The task: The records follow. Filter them to the lines that hold "with".

Excerpted data:
··········
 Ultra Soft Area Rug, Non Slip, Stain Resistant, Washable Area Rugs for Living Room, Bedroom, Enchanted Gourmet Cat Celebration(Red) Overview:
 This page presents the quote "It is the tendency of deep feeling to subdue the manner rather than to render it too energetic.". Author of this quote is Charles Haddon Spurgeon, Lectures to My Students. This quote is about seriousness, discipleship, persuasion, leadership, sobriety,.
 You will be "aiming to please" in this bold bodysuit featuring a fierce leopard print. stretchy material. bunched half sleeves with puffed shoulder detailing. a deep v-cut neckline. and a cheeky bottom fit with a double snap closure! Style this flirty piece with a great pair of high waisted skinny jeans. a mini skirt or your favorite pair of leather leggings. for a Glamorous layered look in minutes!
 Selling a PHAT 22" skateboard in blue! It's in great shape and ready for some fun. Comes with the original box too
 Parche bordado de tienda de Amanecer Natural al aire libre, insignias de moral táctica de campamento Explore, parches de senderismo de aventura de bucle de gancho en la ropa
··········
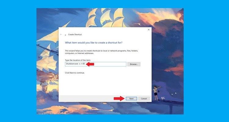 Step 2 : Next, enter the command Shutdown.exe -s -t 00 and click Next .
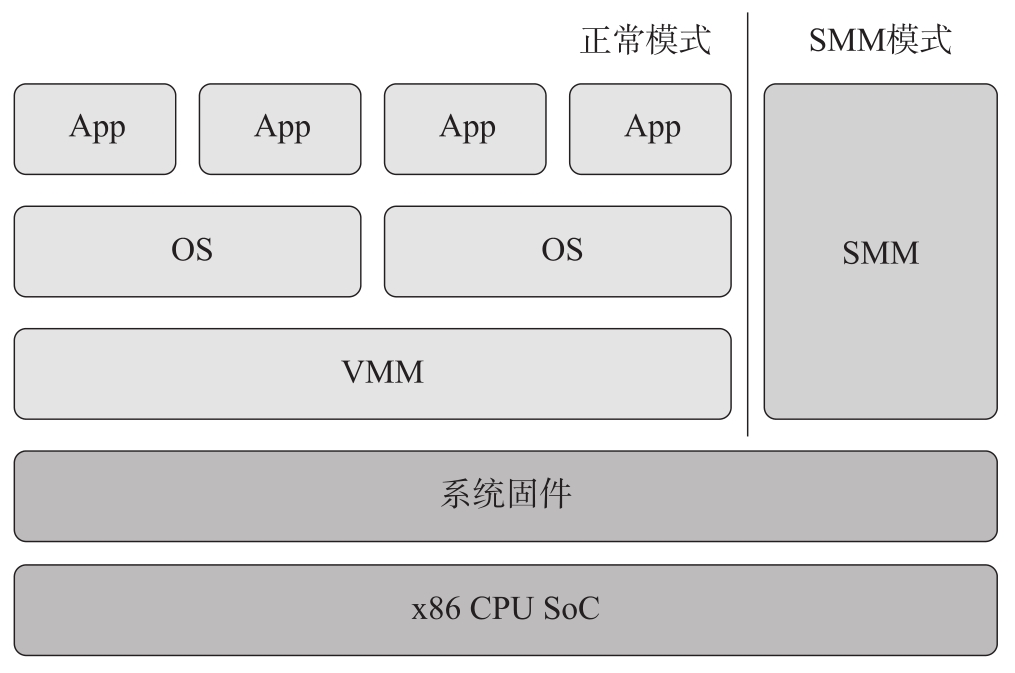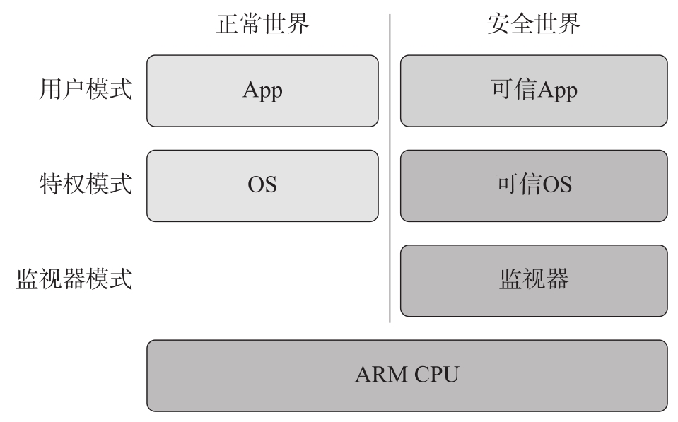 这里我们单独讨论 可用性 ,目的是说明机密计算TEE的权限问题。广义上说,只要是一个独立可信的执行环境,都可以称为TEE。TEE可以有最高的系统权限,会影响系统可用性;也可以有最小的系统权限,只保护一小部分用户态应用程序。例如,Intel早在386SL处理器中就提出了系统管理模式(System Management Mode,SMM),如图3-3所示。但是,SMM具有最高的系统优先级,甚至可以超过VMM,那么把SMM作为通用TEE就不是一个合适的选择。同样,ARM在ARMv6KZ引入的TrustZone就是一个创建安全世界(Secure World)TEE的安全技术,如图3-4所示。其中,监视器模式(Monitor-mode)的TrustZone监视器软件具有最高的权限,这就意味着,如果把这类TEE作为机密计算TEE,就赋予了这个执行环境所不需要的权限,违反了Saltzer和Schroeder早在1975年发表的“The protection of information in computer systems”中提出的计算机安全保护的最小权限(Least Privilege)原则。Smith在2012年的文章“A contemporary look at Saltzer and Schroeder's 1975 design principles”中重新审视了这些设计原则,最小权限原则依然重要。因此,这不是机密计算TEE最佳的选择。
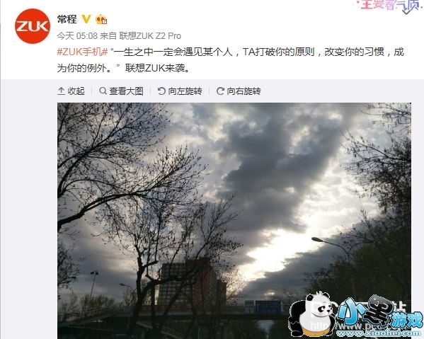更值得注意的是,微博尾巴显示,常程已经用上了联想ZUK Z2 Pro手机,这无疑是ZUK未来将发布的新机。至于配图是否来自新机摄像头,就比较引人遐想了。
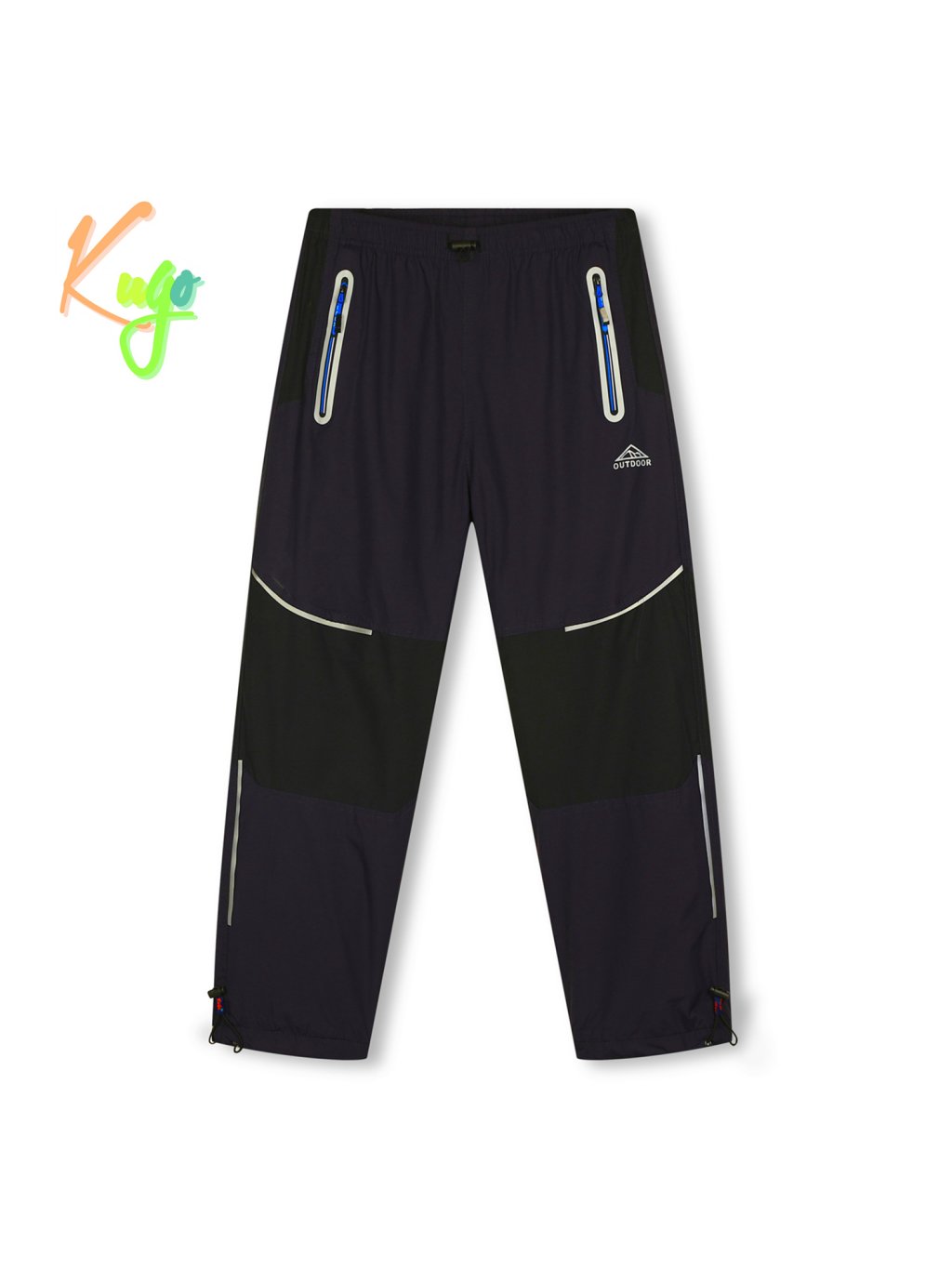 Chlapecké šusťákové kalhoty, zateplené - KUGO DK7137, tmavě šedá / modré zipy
··········
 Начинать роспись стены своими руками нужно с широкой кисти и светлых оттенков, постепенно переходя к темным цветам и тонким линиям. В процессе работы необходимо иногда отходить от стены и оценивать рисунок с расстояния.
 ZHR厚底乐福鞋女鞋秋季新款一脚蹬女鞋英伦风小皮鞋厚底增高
··········
Result of this task:
 You will be "aiming to please" in this bold bodysuit featuring a fierce leopard print. stretchy material. bunched half sleeves with puffed shoulder detailing. a deep v-cut neckline. and a cheeky bottom fit with a double snap closure! Style this flirty piece with a great pair of high waisted skinny jeans. a mini skirt or your favorite pair of leather leggings. for a Glamorous layered look in minutes!
 Selling a PHAT 22" skateboard in blue! It's in great shape and ready for some fun. Comes with the original box too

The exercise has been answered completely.